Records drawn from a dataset
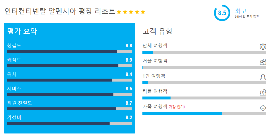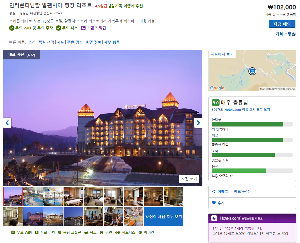 인터컨티넨탈 알펜시아 평창 리조트 (Intercontinental Alpensia Pyeongchang Resort)는 객실타입, 호텔옵션에 따라 현재 10만원대부터 다양하게 확인하실 수 있습니다. 호텔스 컴바인 사이트를 이용하시면 호텔예약사이트들의 가격 및 호텔옵션을 비교하여 쉽게 최저가를 확인하실 수 있습니다.
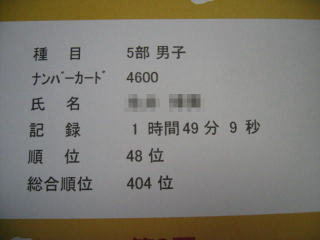 ここのコースベストは1時間46分ですが、昨年より約8分早くゴールできました。
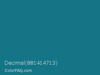 Decimal 881414713 Color is a dark cyan color and the nearest color is Metallic Seaweed #0a7e8c. Hex code #147587 and RGB value is rgb(20,117,135). In RGB color space, this color is composed of 8% red, 46% green, 53% blue, In CMYK color space, this color is composed of 85% cyan, 13% magenta, 0% yellow , 47% black , In HSL color space, this color has a hue angle of 189° , 74% saturation and 30% lightness.
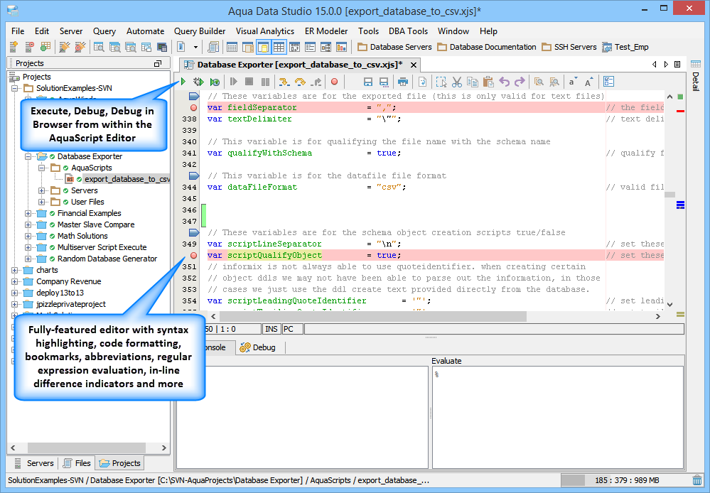 AquaScript Editor: The new AquaScript Editor is a complete and fully functional editor for the JavaScript programming language. It provides autocompletion, syntax coloring, bookmarks, abbreviations, find/replace, incremental search and more. Editing scripts for Aqua Data Studio is as simple as writing JavaScript. The fully-featured editor optimizes the script creation process. The AquaScript Editor takes its syntax highlighting cues from the JavaScript/AquaScript Editor Options.
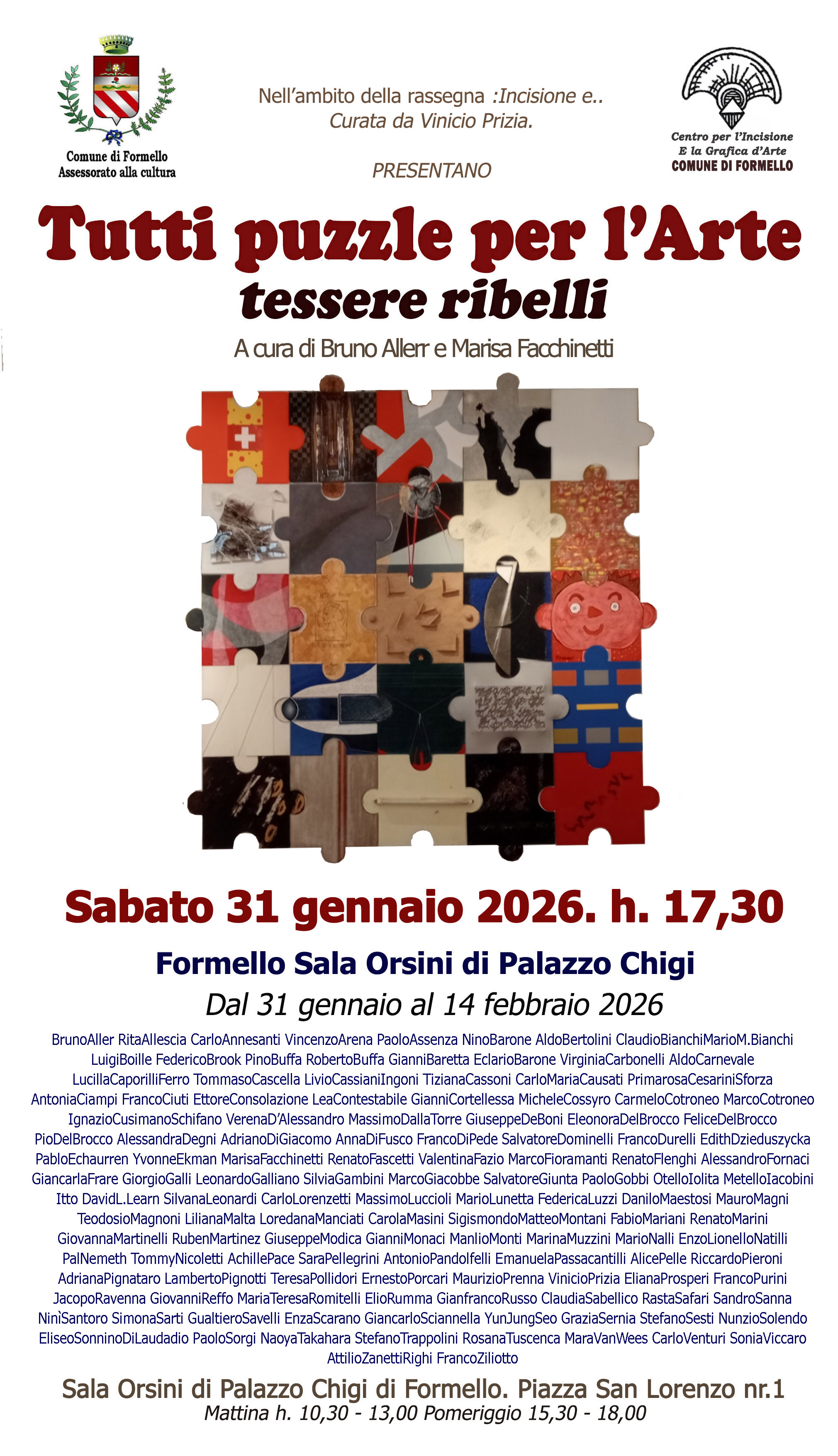 Ed oggi siamo qui a Formello accolti con il nostro “Puzzle” collettivo nella sala Orsini di palazzo Chigi, grazie all’impegno dell’artista e Direttore artistico Vinicio Prizia.
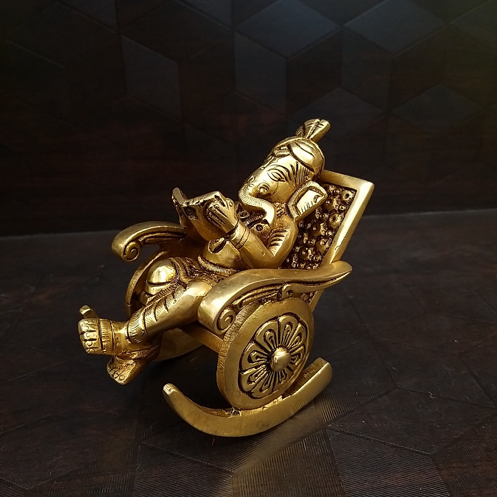The Ganesha statue has a beautiful purpose in the home, we can keep this as a puja item or home decor. This chair Ganesha idol also has an enticing design and classic work of craftsmanship, this statue is made of Brass. These things make this idol perfect for home decor.
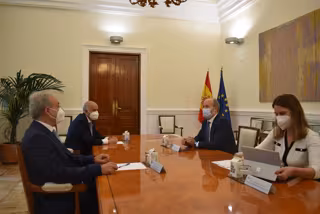Al encuentro, celebrado en la sede del Ministerio, también han asistido la directora general para el Servicio Público de Justicia, Concepción López-Yuste, y el vicepresidente primero del Consejo de Colegios Oficiales de Graduados Sociales, Joaquín Merchán.

| HOW TO COMPLETE THIS TASK |
Repeat every entry above word for word, and include no pictures.

| OUTPUT FOR THIS TASK |
 인터컨티넨탈 알펜시아 평창 리조트 (Intercontinental Alpensia Pyeongchang Resort)는 객실타입, 호텔옵션에 따라 현재 10만원대부터 다양하게 확인하실 수 있습니다. 호텔스 컴바인 사이트를 이용하시면 호텔예약사이트들의 가격 및 호텔옵션을 비교하여 쉽게 최저가를 확인하실 수 있습니다.
 ここのコースベストは1時間46分ですが、昨年より約8分早くゴールできました。
 Decimal 881414713 Color is a dark cyan color and the nearest color is Metallic Seaweed #0a7e8c. Hex code #147587 and RGB value is rgb(20,117,135). In RGB color space, this color is composed of 8% red, 46% green, 53% blue, In CMYK color space, this color is composed of 85% cyan, 13% magenta, 0% yellow , 47% black , In HSL color space, this color has a hue angle of 189° , 74% saturation and 30% lightness.
 AquaScript Editor: The new AquaScript Editor is a complete and fully functional editor for the JavaScript programming language. It provides autocompletion, syntax coloring, bookmarks, abbreviations, find/replace, incremental search and more. Editing scripts for Aqua Data Studio is as simple as writing JavaScript. The fully-featured editor optimizes the script creation process. The AquaScript Editor takes its syntax highlighting cues from the JavaScript/AquaScript Editor Options.
 Ed oggi siamo qui a Formello accolti con il nostro “Puzzle” collettivo nella sala Orsini di palazzo Chigi, grazie all’impegno dell’artista e Direttore artistico Vinicio Prizia.
The Ganesha statue has a beautiful purpose in the home, we can keep this as a puja item or home decor. This chair Ganesha idol also has an enticing design and classic work of craftsmanship, this statue is made of Brass. These things make this idol perfect for home decor.
Al encuentro, celebrado en la sede del Ministerio, también han asistido la directora general para el Servicio Público de Justicia, Concepción López-Yuste, y el vicepresidente primero del Consejo de Colegios Oficiales de Graduados Sociales, Joaquín Merchán.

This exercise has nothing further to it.